ACTIVITY: As you write out the lines from the one containing "Косметическая упаковка. Голубая" through the last line of the records, keep them exact and leave out pictures.

EXERCISE MATERIALS:
---+---

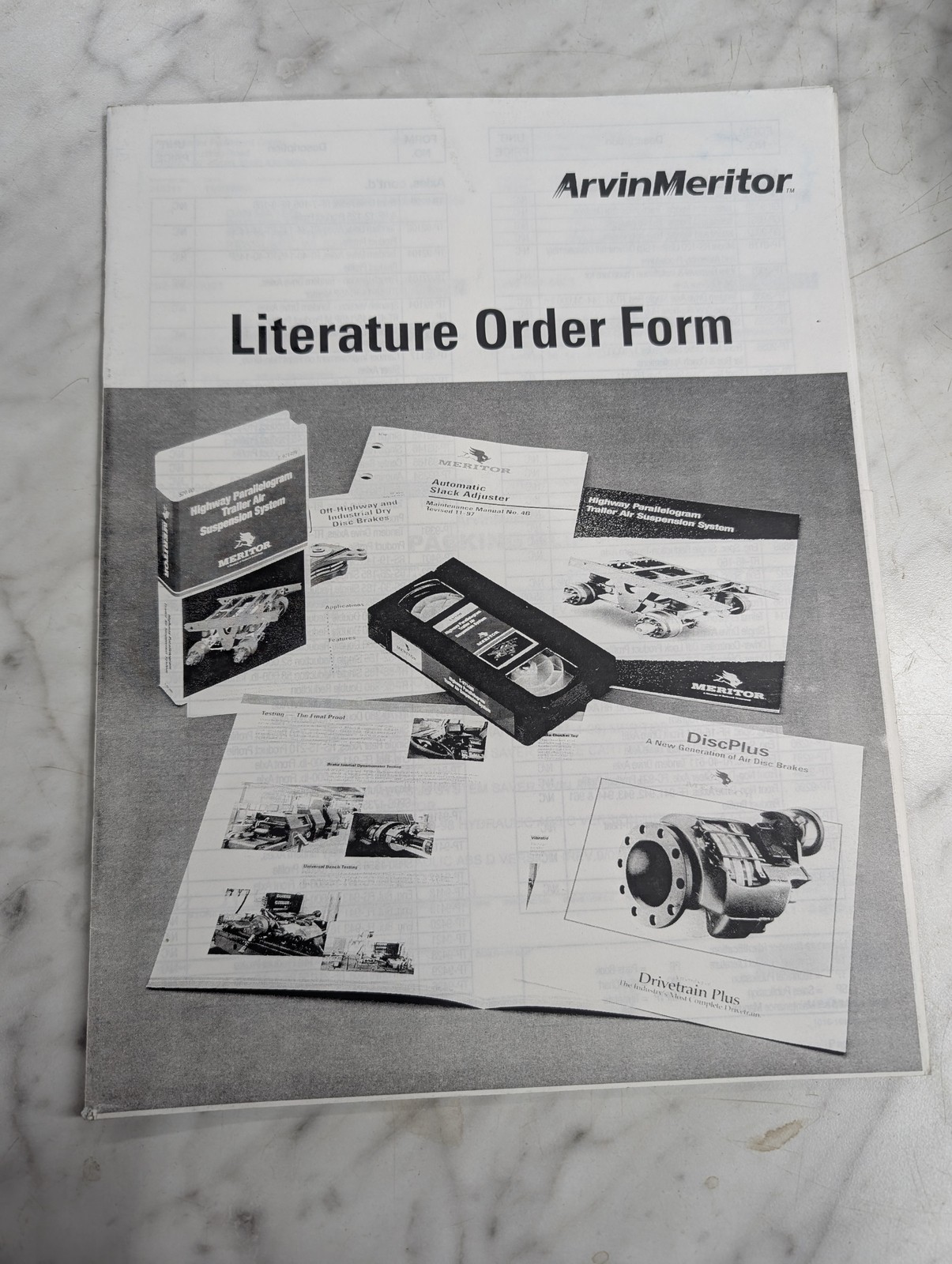 Arvin Meritor Literature Order Form Sales Brochure Catalog ~Service Manual List
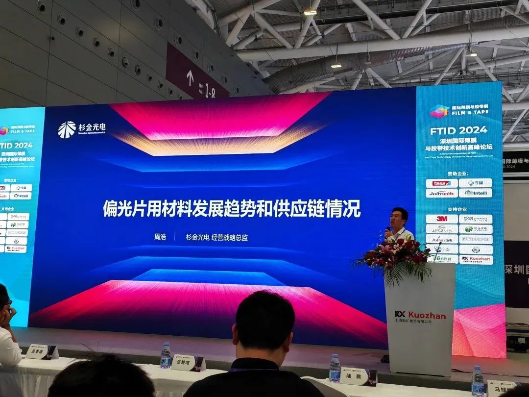 11 月 6 日,在同期舉辦的 2024 深圳國際薄膜與膠帶技術創新發展高峰論壇上,杉金光電經營戰略總監周浩發表了主題為《偏光片材料的發展趨勢與供應鏈情況》的報告。報告對顯示及偏光片產業發展趨勢、偏光片產業技術發展趨勢、偏光片用材料需求以及偏光片用材料供應鏈情況進行了深入總結。
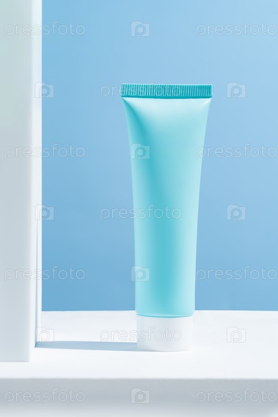 Косметическая упаковка. Голубая пластиковая трубка из крема на белых подиумах. Бланковая упаковка. Концепция натурального косметического продукта. Красота. Вздор
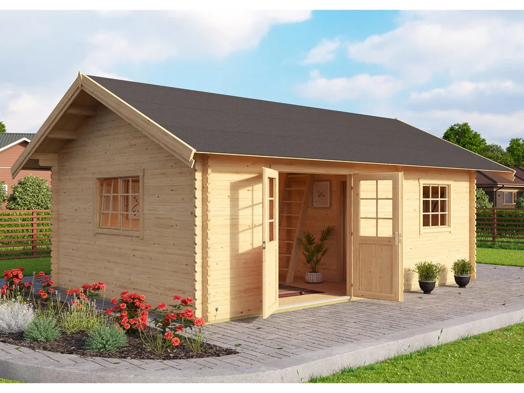 Lasita Gartenhaus Caroline Blockbohlenbauweise Satteldach
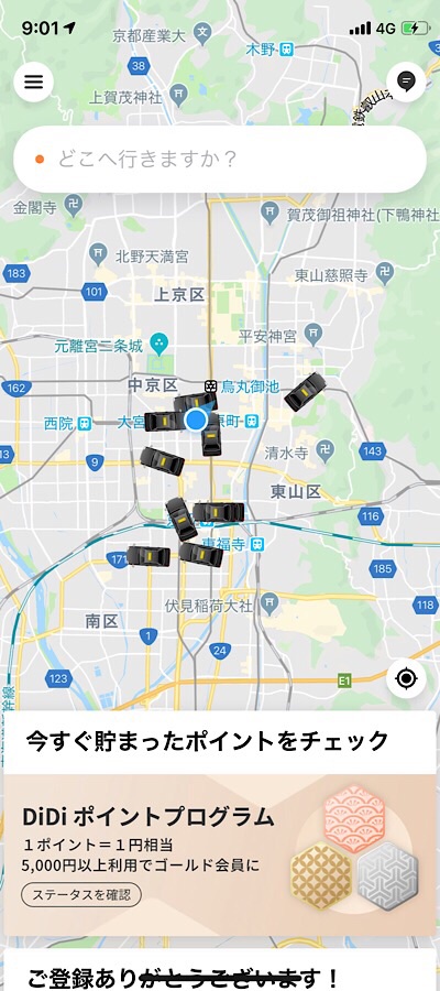 Uber並みのレスポンスが当然と思っていたので、出かける予定の20分くらい前にアプリ操作してみて
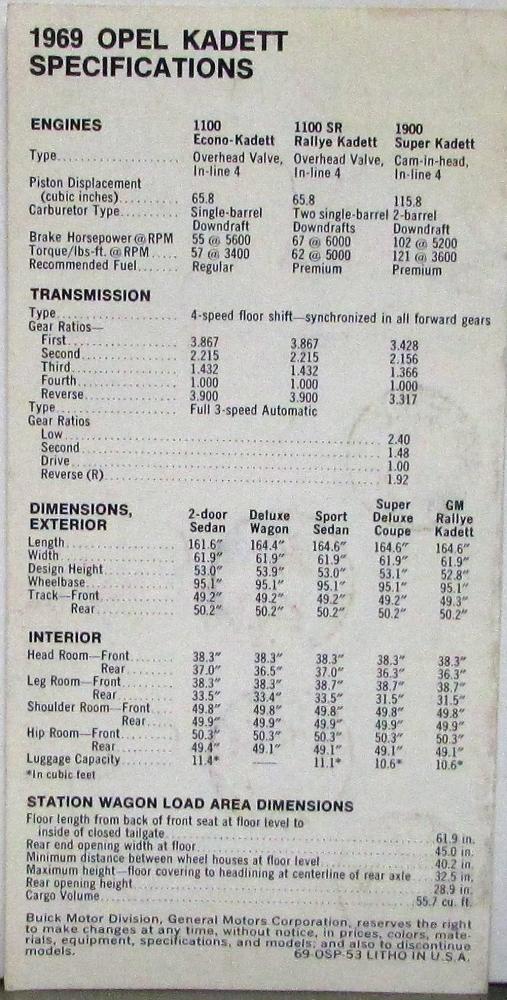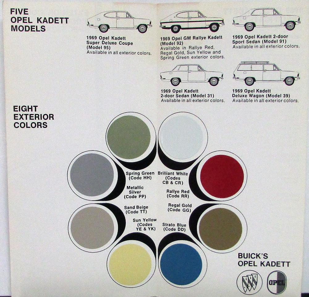 Original 1969 Opel Kadett (by Buick) exterior colors, models and specifications sales folder. Diagram of the five available models. Eight color paint chips. Specifications for the 1100 Econo-Kadett, 1100 SR Rallye Kadett, and 1900 Super Kadett. Station wagon load dimensions. Fair condition. Insdie clean. Outside lightly soiled.
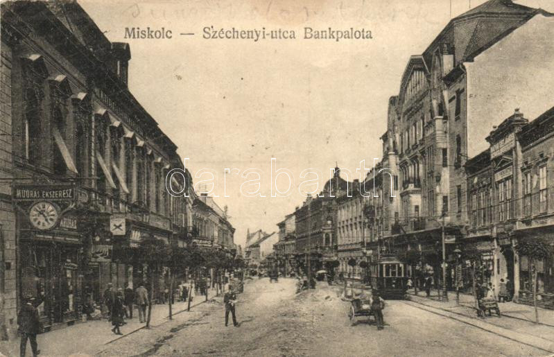 Miskolc, Széchenyi utca, Bankpalota, Műórás Ékszerész üzlet, villamos ...
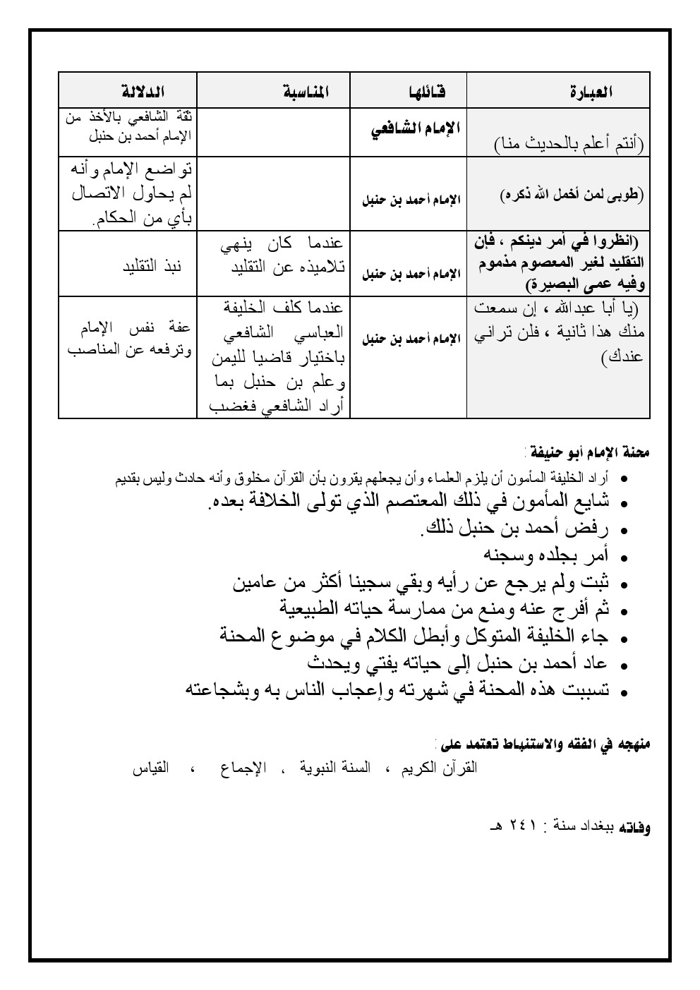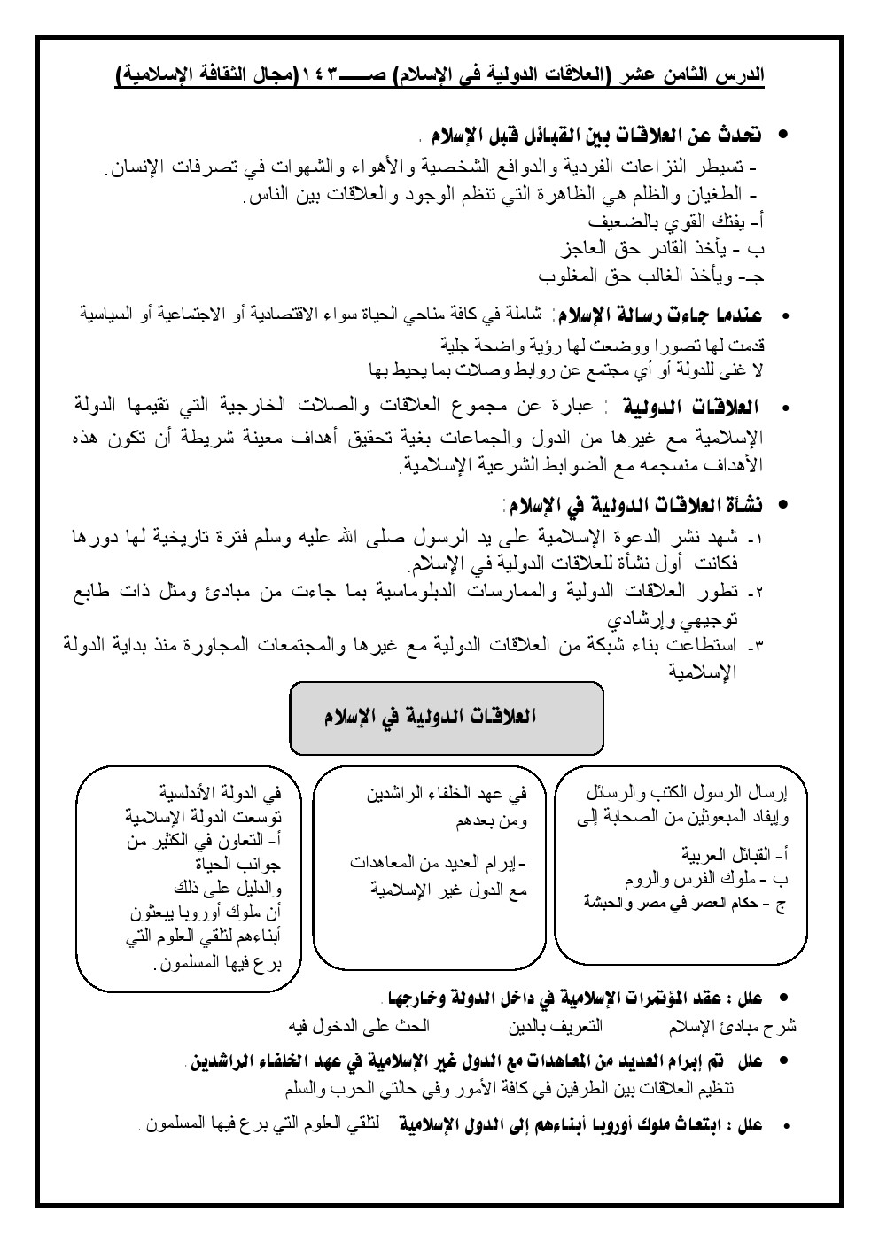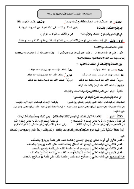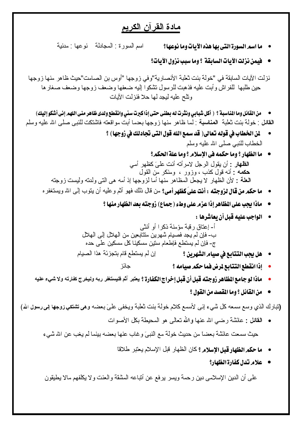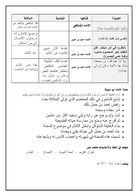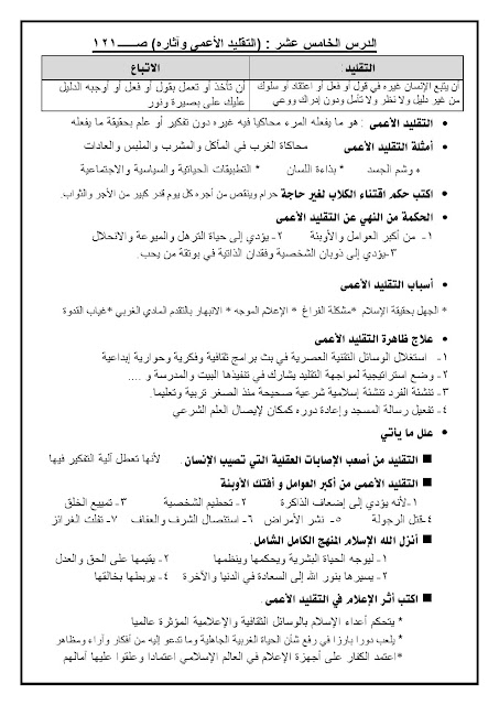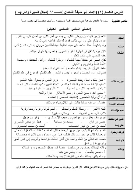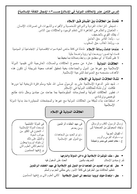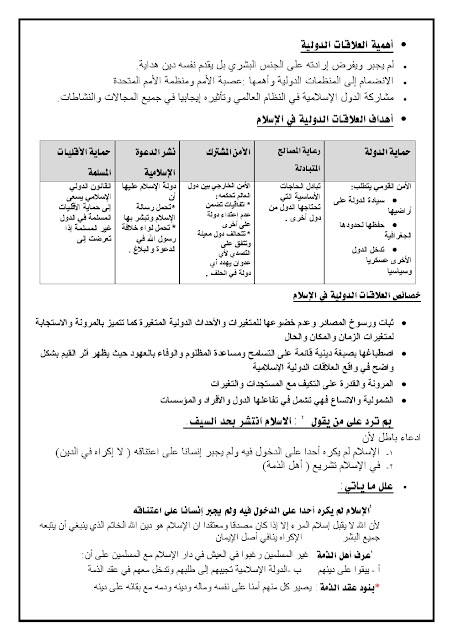 مذكرة مهمة في مادة التربية الاسلامية - إعداد: مدرسة النجاة الثانوية | ||

---+---

EXERCISE RESPONSE:
 Косметическая упаковка. Голубая пластиковая трубка из крема на белых подиумах. Бланковая упаковка. Концепция натурального косметического продукта. Красота. Вздор
 Lasita Gartenhaus Caroline Blockbohlenbauweise Satteldach
 Uber並みのレスポンスが当然と思っていたので、出かける予定の20分くらい前にアプリ操作してみて
 Original 1969 Opel Kadett (by Buick) exterior colors, models and specifications sales folder. Diagram of the five available models. Eight color paint chips. Specifications for the 1100 Econo-Kadett, 1100 SR Rallye Kadett, and 1900 Super Kadett. Station wagon load dimensions. Fair condition. Insdie clean. Outside lightly soiled.
 Miskolc, Széchenyi utca, Bankpalota, Műórás Ékszerész üzlet, villamos ...
 مذكرة مهمة في مادة التربية الاسلامية - إعداد: مدرسة النجاة الثانوية | ||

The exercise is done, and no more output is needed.